Outlier detection using Multidimensional Scaling (MDS)¶

Multidimensional scaling (MDS) is one method for comparing the similarity of samples–similar to PCA. MDS based on euclidean distance will also have identical results to PCA, because minimizing linear distance between points is effectively the same as maximizing linear correlation (the latter being what PCA does).

See StatQuest’s very helpful video on MDS and PCoA for more details.

methylcheck allows users the option of filtering their data based on the results of MDS. The standard cut off is 1.5 standard deviations from the mean of the data, however users have the ability to adjust the cut off value if they are not satisfied by the filtering. After examining the MDS plot, press ‘enter’ to accept the cut-off as it is, or enter a new value and rerun the plot.

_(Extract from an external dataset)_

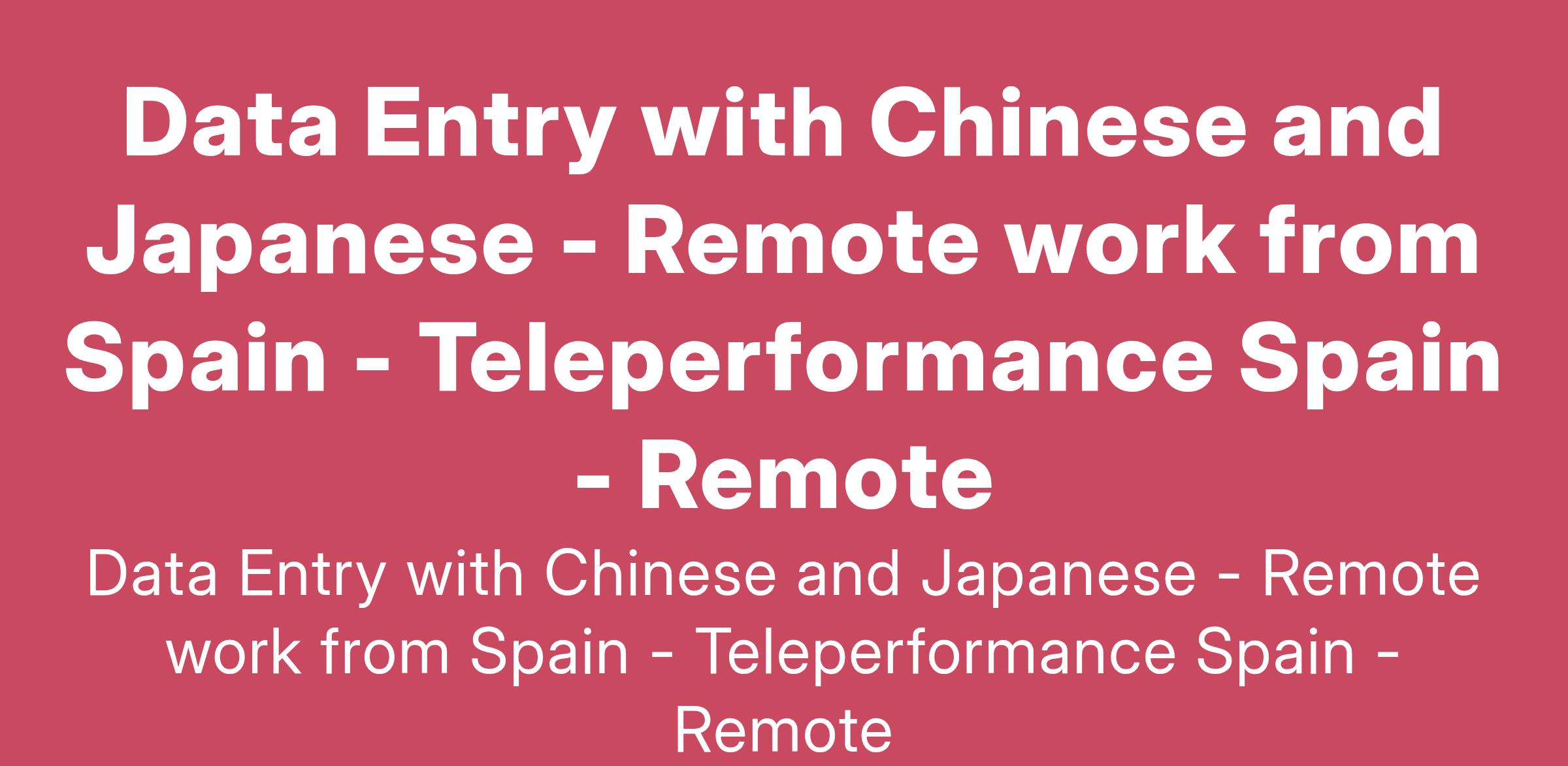Data Entry with Chinese and Japanese - Remote work from Spain - Teleperformance Spain - Remote

We will walk through an example of how to use MDS with this dataset from GEO: GSE111629. This is a large dataset (n=571) of patients with Parkinson’s Disease (n=335) and a group of controls (n=237). These blood samples were run on Illumina’s 450k arrays.

We downloaded the data from GEO and processed it with methylprep using the following command:

>>> python -m methylprep process -d <filepath> --all

WARNING: This is a huge dataset and methylprep will take +8 hours to process it. It will also eat up a lot of storage on your machine. We chose this data because it demonstrates the utility of the MDS function. We recommend users pick a different dataset to follow along this example!

[1]:

import methylcheck
import pandas as pd
from pathlib import Path
filepath = Path('/Users/patriciagirardi/methylcheck_tutorial')

[2]:

df = pd.read_pickle('~/methylcheck_tutorial/beta_values.pkl')
metadata = pd.read_pickle('~/methylcheck_tutorial/GSE111629_GPL13534_meta_data.pkl')
metadata.head()

[2]:

	GSM_ID	Sample_Name	source	platform	title	disease state	age	gender	ethnicity	tissue	Sample_ID	Sentrix_ID	Sentrix_Position
0	GSM3035401	genomic DNA from 3999979001_R01C01	X3999979001_R01C01	GPL13534	genomic DNA from 3999979001_R01C01	Parkinson's disease (PD)	74	Female	Caucasian	whole blood	3999979001_R01C01	3999979001	R01C01
1	GSM3035402	genomic DNA from 3999979001_R01C02	X3999979001_R01C02	GPL13534	genomic DNA from 3999979001_R01C02	PD-free control	73	Female	Caucasian	whole blood	3999979001_R01C02	3999979001	R01C02
2	GSM3035403	genomic DNA from 3999979001_R02C01	X3999979001_R02C01	GPL13534	genomic DNA from 3999979001_R02C01	Parkinson's disease (PD)	62	Male	Caucasian	whole blood	3999979001_R02C01	3999979001	R02C01
3	GSM3035404	genomic DNA from 3999979001_R02C02	X3999979001_R02C02	GPL13534	genomic DNA from 3999979001_R02C02	PD-free control	72	Male	Caucasian	whole blood	3999979001_R02C02	3999979001	R02C02
4	GSM3035405	genomic DNA from 3999979001_R03C01	X3999979001_R03C01	GPL13534	genomic DNA from 3999979001_R03C01	PD-free control	72	Female	Caucasian	whole blood	3999979001_R03C01	3999979001	R03C01

[3]:

methylcheck.beta_mds_plot(df, filter_stdev=2, poobah=filepath)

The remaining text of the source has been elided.